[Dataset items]
[Start of Attachment]

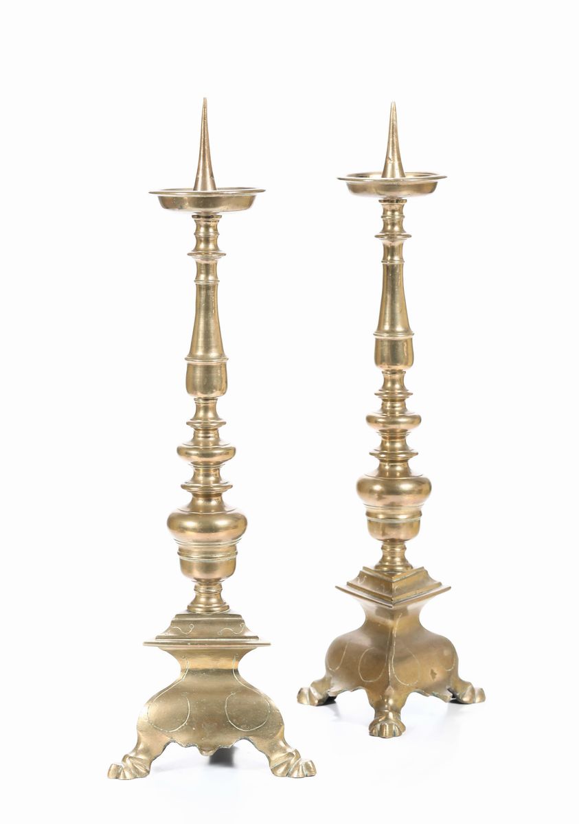 Coppia di candelieri in bronzo dorato, XVIII secolo
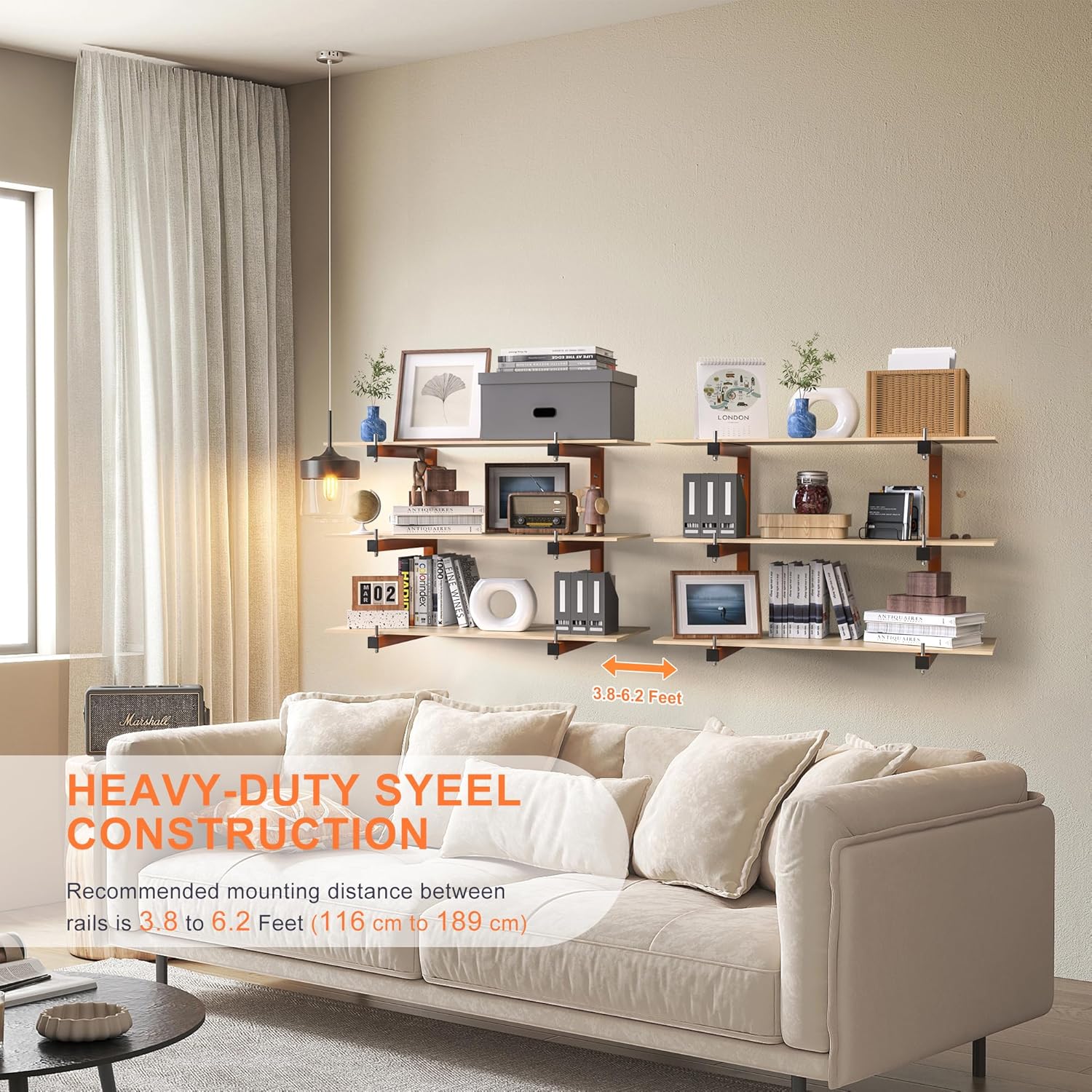 - 1320 LBS WEIGHT CAPACITY : Wall-mounted wooden storage rack adopts a more supportive triangular one-piece design. each shelf can hold up to 220 lbs, the 2-pack wood rack organizer can hold up to 660 lbs, and the 4-pack wood storage system can hold up to 1320 lbs, so you can store all your heavy and bulky items, these metal organizer units are roomy enough for your everyday needs.
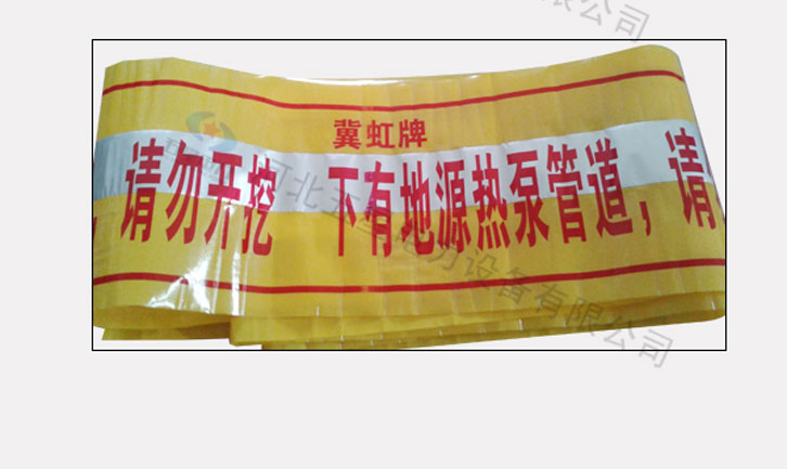 地埋式可探測警示帶:寬度:10cm-150cm 厚度:0.12mm、0.15mm、 顏色:多用黃底紅字。中間夾層中有一層鋁箔,寬度約為5-cm
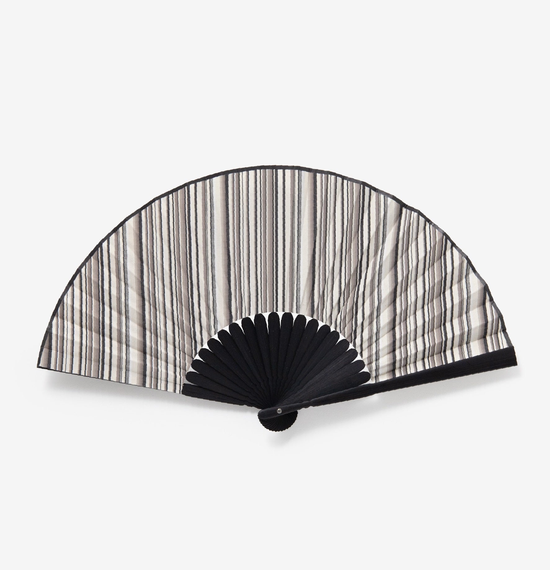 小倉織の丈夫でしなやかな生地を使用した縞縞の扇子。立体感あふれる小倉織の扇子は男女問わずお使
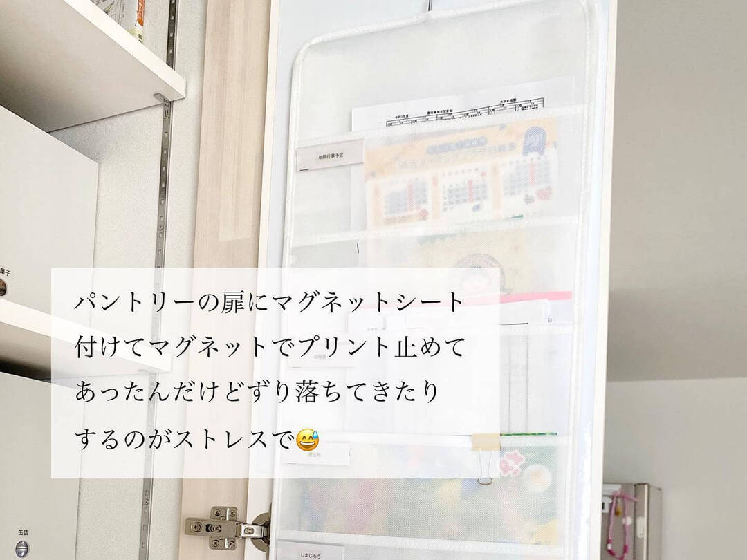 m_homeさんは家族みんなが目に入りやすいパントリーの扉に取りつけ。分類もできるので、きょうだいがいる場合や、学校や習い事などの種類別に分けたい場合でも便利ですよね。

[End of Attachment]

# Exercise directions
I would like the data copied exactly as it stands, with no pictures included.

# Solution to the exercise
 Coppia di candelieri in bronzo dorato, XVIII secolo
 - 1320 LBS WEIGHT CAPACITY : Wall-mounted wooden storage rack adopts a more supportive triangular one-piece design. each shelf can hold up to 220 lbs, the 2-pack wood rack organizer can hold up to 660 lbs, and the 4-pack wood storage system can hold up to 1320 lbs, so you can store all your heavy and bulky items, these metal organizer units are roomy enough for your everyday needs.
 地埋式可探測警示帶:寬度:10cm-150cm 厚度:0.12mm、0.15mm、 顏色:多用黃底紅字。中間夾層中有一層鋁箔,寬度約為5-cm
 小倉織の丈夫でしなやかな生地を使用した縞縞の扇子。立体感あふれる小倉織の扇子は男女問わずお使
 m_homeさんは家族みんなが目に入りやすいパントリーの扉に取りつけ。分類もできるので、きょうだいがいる場合や、学校や習い事などの種類別に分けたい場合でも便利ですよね。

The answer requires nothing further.